If you only had a dozen of entries in your database, then you can just simply fetch all data and display it to the user. However, this is almost never the case. Most often, database table entries range from tens of rows to billions of records.
Fetching a large amount of data takes a significant amount of time. That’s because a lot of work needs to be done to move large volumes of data from the database server to the user interface:
the data has to be scanned from the disk and loaded into the database server buffer pool
the loaded data is sent over the network
the application server will get the data in tabular fashion (e.g., the JDBC ResultSet)
the application transforms the tabular-based data into tree-based structures (e.g., entities, DTOs)
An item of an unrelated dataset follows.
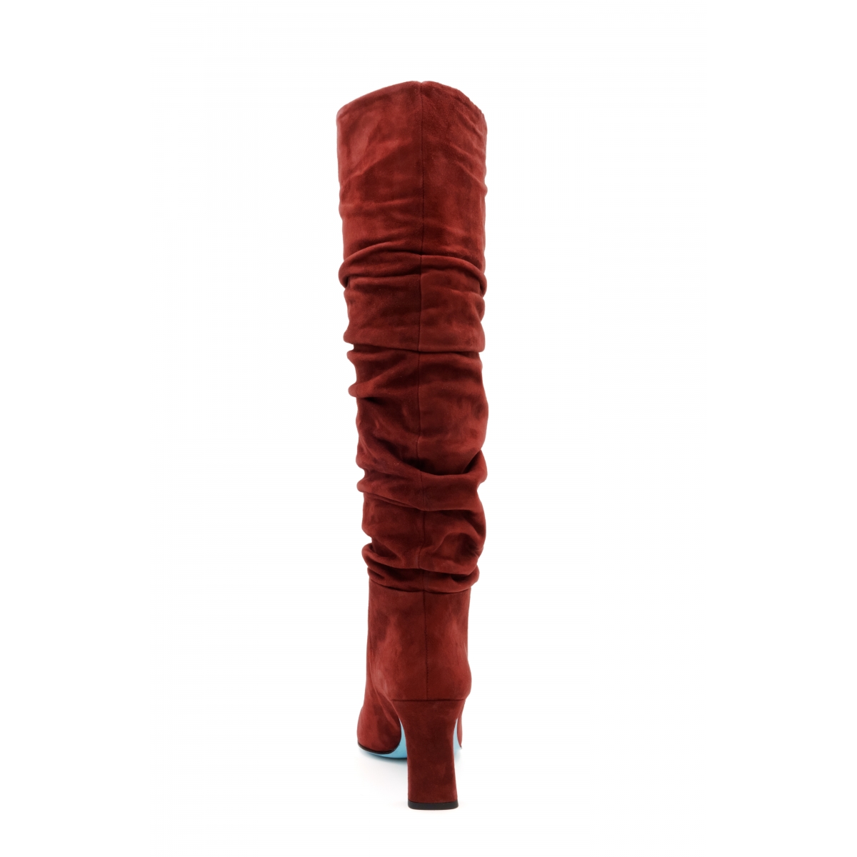 Stivale bordeaux in una bellissima pelle scamosciata con un tacco squadrato estremamente in trend questo inverno, con effetto "grinza".

the tree-based structure is transformed to JSON and sent over the network to the browser
the browser needs to load the entire JSON and use it to build the UI
Not only that fetching large volumes of data is extremely inefficient, but it also hurts the user experience. Imagine having to load a list of tens of thousands of entries on your mobile phone over a metered connection. Loading this particular large list will be slow, expensive, and impossible to navigate on a mobile phone with a very limited viewport.
So, for all these reasons, pagination is used so that only a small subset of the entire dataset is fetched and displayed at once.
Classic pagination layout
Now, the most common way of sampling a result set is to split it into multiple pages or subsets of data. One such example can be seen on the old Hibernate forum:
There are over 66k posts which are split into 2600 pages. While you can practically navigate to any of those pages, in reality, this is not very useful.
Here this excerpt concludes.